Embattled former Los Angeles school board president Refugio “Ref” Rodriguez is facing three felony charges and 25 misdemeanor counts for an alleged scheme to launder money into his campaign. Rodriguez stepped down this week as president but has retained his seat on the school board for now.

The criminal complaint brought by the L.A. County District Attorney's Office on Sept. 13 alleges that Rodriguez cashed out a $26,000 business investment and funneled the money into his campaign through straw donors who were family members, friends and former employees of his. Rodriguez's cousin Elizabeth Melendez is charged with helping facilitate the scheme and delivering cash reimbursements to the “donors.” 

The timing of the indictment is deflating for the pro–charter school movement within the Los Angeles Unified School District. Rodriguez was elected board president in July after charter-backed candidates swept the spring elections, establishing a slim pro-charter majority on the board for the first time.

Pro-charter groups and wealthy donors had poured $9.7 million into support for their candidates, while the union-led opposition spent $5.2 million — making it the most expensive school-board race in U.S. history. The pro-charter forces had spent more than $2 million to help elect Rodriguez in 2015.

The stakes are high: If Rodriguez is forced to vacate his seat, it could undermine his camp's reform agenda. His backers have defended his actions as those of a political novice who made “a rookie mistake.”

Had Rodriguez donated the $26,000 to his campaign under his own name, campaign finance law would have permitted it. 

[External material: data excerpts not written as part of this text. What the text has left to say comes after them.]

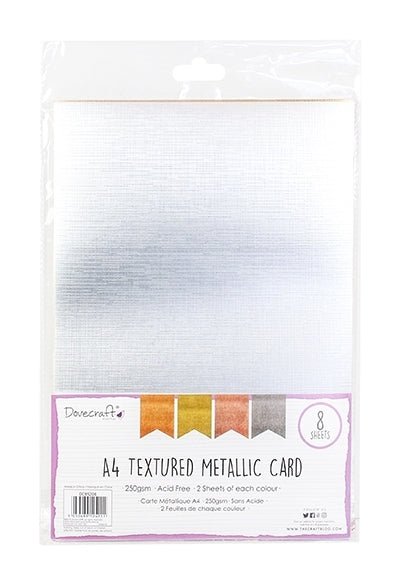 Add plenty of metallic shine to your papercraft projects with this 8-sheet pack of Dovecraft A4 textured metallic card.
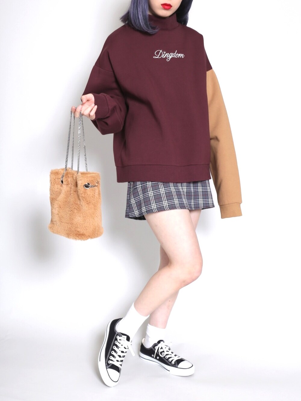 バイカラースウェット color:wine/white/gray size:free ベルト付きチェックスカート color:gray/dark gray size:free フェイクファーチェーンバッグ color:yellow/beige/black size:free
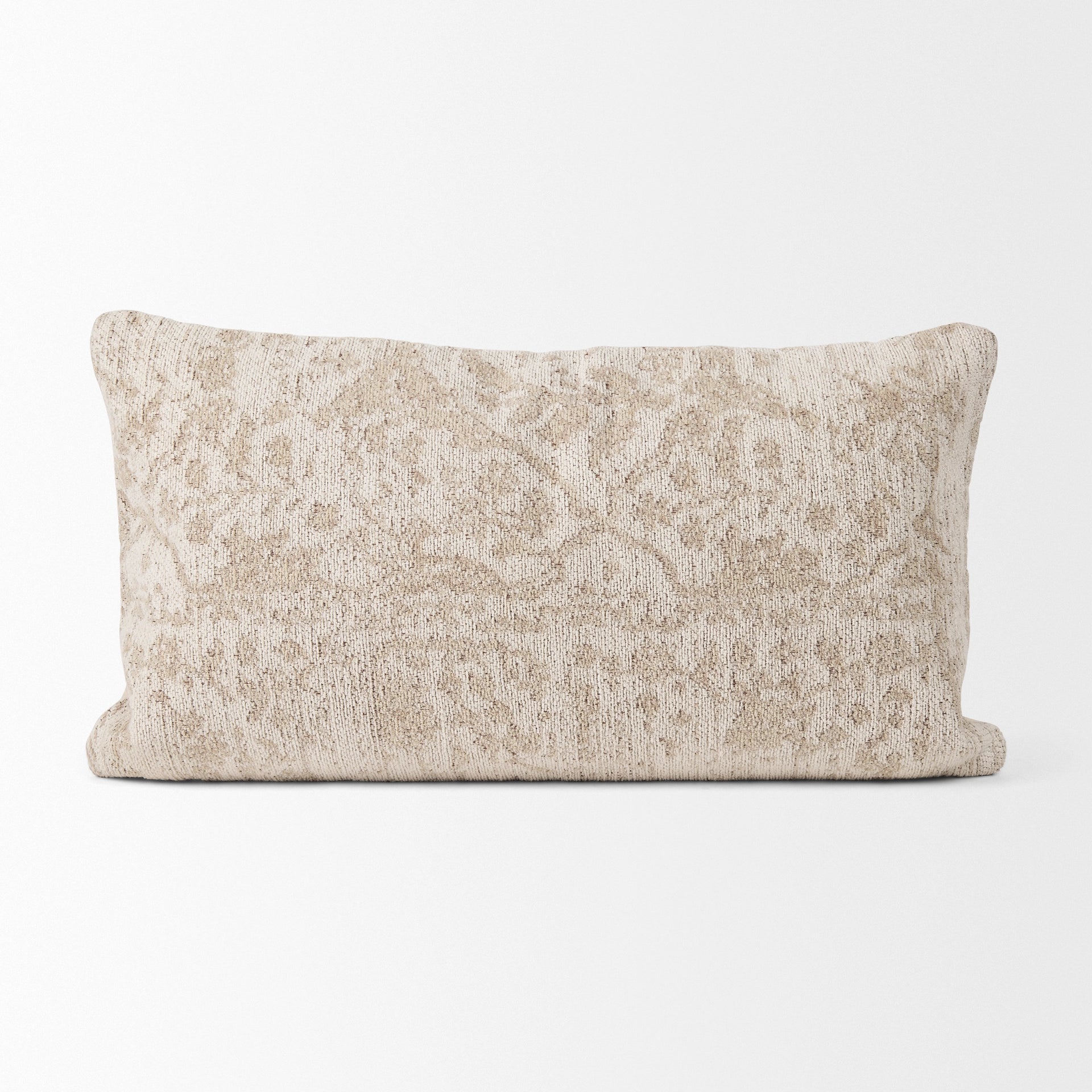 The Khloe Pillow Cover is a cream lumbar pillow cover made of jaquard woven cotton chenille.Includes feather pillow insert.
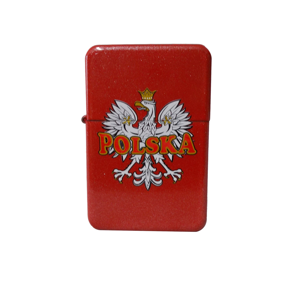 Czerwona, metalowa zapalniczka na benzynę, z ruchomym wieczkiem. Ozdobiona nadrukiem przedstawiającym napis Polska na tle orła.
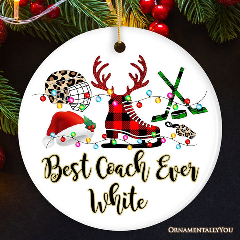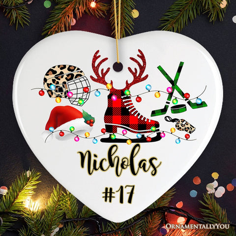 Personalized Hockey Buffalo Plaid Leopard Merry Christmas Ornament, Team and Coaches Gift
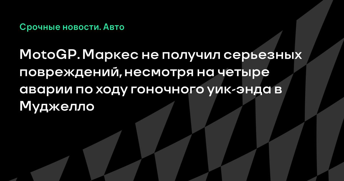 Пилот «Хонды» Марк Маркес избежал получения серьезных травм по ходу гоночного уик-энда в Муджелло, несмотря на то, что четыре раза падал с мотоцикла. Тем не менее, в будущем Маркесу нужно будет посетить больницу для прохождения обследования, сообщает Autosport.
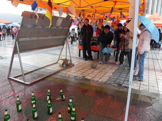 典雅神秘的哥特式建筑,轻松愉快的闯关足球赛,还有悠扬缭绕的萨克斯曲,给雨中的活动平添几分情趣。这些都是德语馆的同学精心策划准备的成果。满桌的啤酒瓶,也让我们感受到了慕尼黑啤酒节时德国人的热情洋溢。
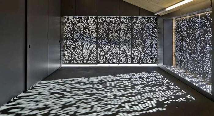 穿孔板特殊的效果通過圖案,光線的交流打破了室內(nèi)外的界限,讓細(xì)節(jié)之處耐人尋味。墻面,樓體,頂面都可以運(yùn)用,你不妨試試。
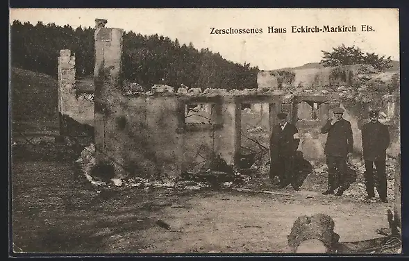 AK Markirch /Els., Eckirch, Männer vor einem zerschossenen Haus
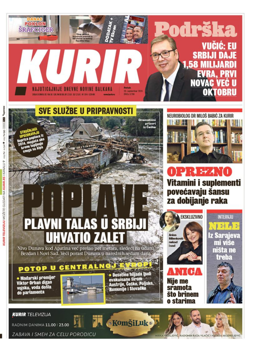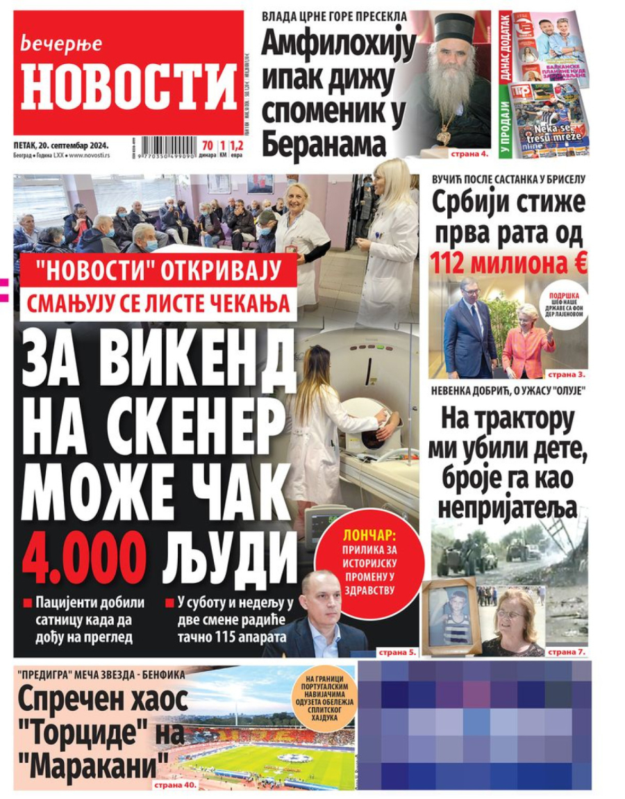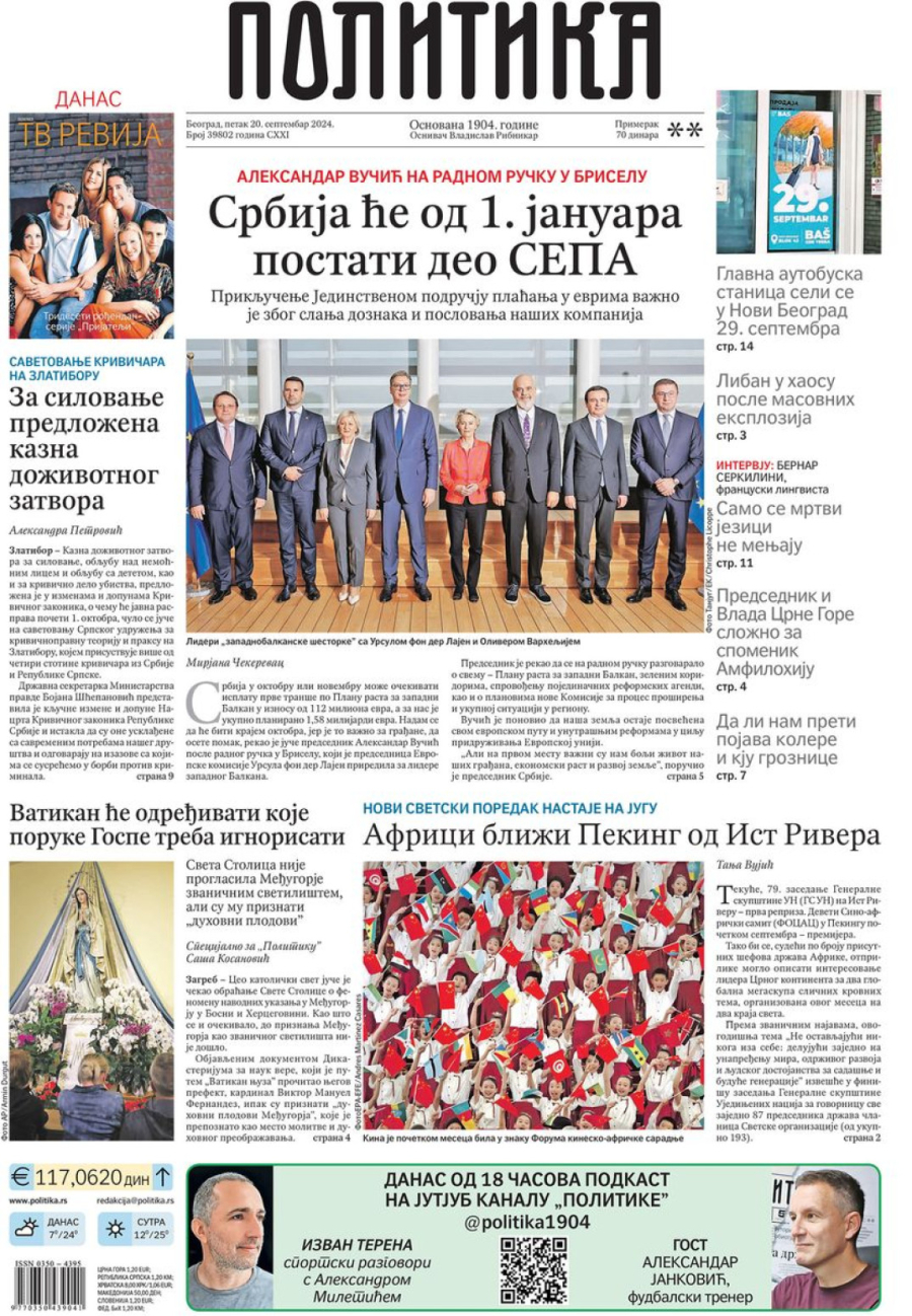 Dnevne novine u Srbiji za petak, 20. septembar 2024. godine, na naslovnim stranama najavljuju brojne aktuelne društveno-političke teme i donose ekskluzivne priče.

Political consultants and campaign finance experts have speculated that Rodriguez may have funneled his campaign through straw donors to create the impression he had a broader base of support and therefore was a more viable candidate. As the headline of a recent Los Angeles Times story put it, “Why didn't school board president Ref Rodriguez just write himself a big check?”

But as reporters continue to pore over the campaign finance records at issue in the Rodriguez investigation, a third possibility has arisen: Maybe the money wasn’t his. That's what KPCC’s Adolfo Guzman-Lopez and Kyle Stokes explored in an investigative report published on Sept. 28.

Rodriguez has not commented on the charges against him. His lawyer Daniel Nixon did not respond to a request for an interview for this story. Greg Risling, a spokesman for the District Attorney's Office, declined to comment on the nature of the business interest mentioned in the complaint.

The KPCC reporters looked at gaps in Rodriguez’s campaign finance disclosures from the web of companies and organizations to which he was linked at the time of the alleged crimes. Rodriguez has had stakes in an investment fund for new charter schools, a merchandise and fundraising company, and a successful charter-school network.

Credit: Jason McGahan

Credit: Jason McGahan

Rodriguez is best known as the founder of Partnership to Uplift Communities, a network of 17 charter schools in L.A. But he omitted the $172,000 income from his duties as treasurer of the network when he filed a financial disclosure form in December 2014 as a candidate for school board. 

In a subsequent financial disclosure for the campaign, filed in 2015, Rodriguez omitted his role as president of Partners for Developing Futures, a “social venture investment fund” that gave educators of color the money to open charter schools. Partners for Developing Futures had been awarded a $30,000 consulting contract by LAUSD in December 2014, but it is unclear whether or what Rodriguez was paid as president during the span of that contract because the organization failed to file required IRS tax returns starting in 2013 — a failure that eventually cost the organization its tax-exempt status.

Back in 2012, Partners for Developing Futures reported $2.17 million in total assets, and $1.5 million in total revenue. From 2010 to 2012 the Walton Family Foundation donated more than $3.6 million in grants, and the Bill and Melinda Gates Foundation added another $1.9 million during the same period. Rodriguez was paid $140,000 in 2012 and $180,000 in 2011.

Robert D. Skeels, a community activist and law student who publishes a blog critical of the influence of charters on LAUSD, filed a complaint with the IRS against Partners for Developing Futures after Rodriguez's assistant refused to provide copies of the nonprofit's tax filings, as required by the law. The assistant named in Skeels' complaint to the IRS is Melendez, Rodriguez's cousin and co-defendant in the Sept. 13 criminal complaint.

Skeels says that six months before Rodriguez, through Partners for Developing Futures, “inked that $30,000 contract with the school district,” Melendez told him that the organization “had closed down a long time ago, that they weren't in business anymore.”

“Honestly,” Skeels says, “there are a lot more questions than answers at this point.”